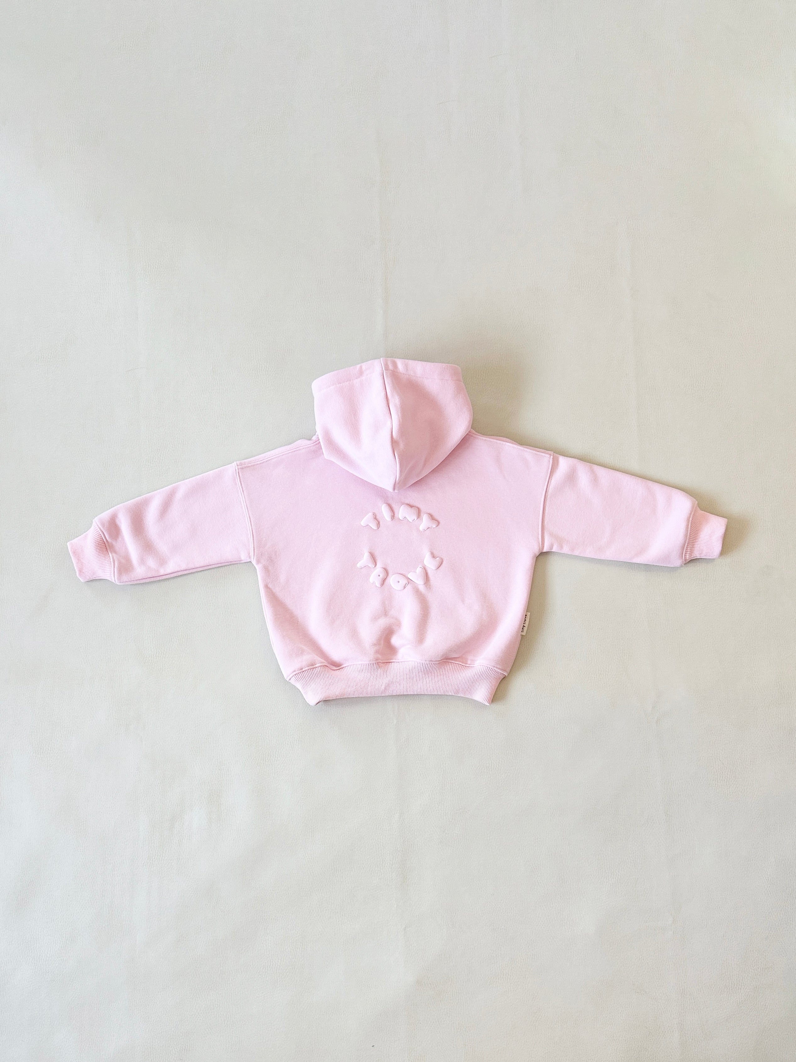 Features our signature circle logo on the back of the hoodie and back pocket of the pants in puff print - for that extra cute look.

########################################

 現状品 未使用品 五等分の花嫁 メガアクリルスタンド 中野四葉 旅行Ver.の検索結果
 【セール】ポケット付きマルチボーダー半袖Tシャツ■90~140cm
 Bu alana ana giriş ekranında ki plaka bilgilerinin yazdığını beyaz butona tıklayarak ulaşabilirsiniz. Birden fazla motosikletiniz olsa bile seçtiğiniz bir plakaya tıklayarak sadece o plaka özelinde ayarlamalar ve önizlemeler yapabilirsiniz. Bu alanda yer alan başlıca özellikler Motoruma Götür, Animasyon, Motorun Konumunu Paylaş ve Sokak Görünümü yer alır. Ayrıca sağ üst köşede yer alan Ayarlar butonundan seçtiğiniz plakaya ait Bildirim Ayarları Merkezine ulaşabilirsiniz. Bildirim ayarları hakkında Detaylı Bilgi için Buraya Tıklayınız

########################################

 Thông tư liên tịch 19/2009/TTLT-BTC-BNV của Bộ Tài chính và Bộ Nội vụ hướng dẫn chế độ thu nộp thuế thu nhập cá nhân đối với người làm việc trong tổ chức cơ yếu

########################################

In the listing above, transcribe exactly everything from the line containing "現状品 未使用品 五等分の花嫁 メガアクリルスタンド 中野四葉 旅行Ver.の検索結果" down to the line containing "Bu alana ana", including both and nothing more.

 現状品 未使用品 五等分の花嫁 メガアクリルスタンド 中野四葉 旅行Ver.の検索結果
 【セール】ポケット付きマルチボーダー半袖Tシャツ■90~140cm
 Bu alana ana giriş ekranında ki plaka bilgilerinin yazdığını beyaz butona tıklayarak ulaşabilirsiniz. Birden fazla motosikletiniz olsa bile seçtiğiniz bir plakaya tıklayarak sadece o plaka özelinde ayarlamalar ve önizlemeler yapabilirsiniz. Bu alanda yer alan başlıca özellikler Motoruma Götür, Animasyon, Motorun Konumunu Paylaş ve Sokak Görünümü yer alır. Ayrıca sağ üst köşede yer alan Ayarlar butonundan seçtiğiniz plakaya ait Bildirim Ayarları Merkezine ulaşabilirsiniz. Bildirim ayarları hakkında Detaylı Bilgi için Buraya Tıklayınız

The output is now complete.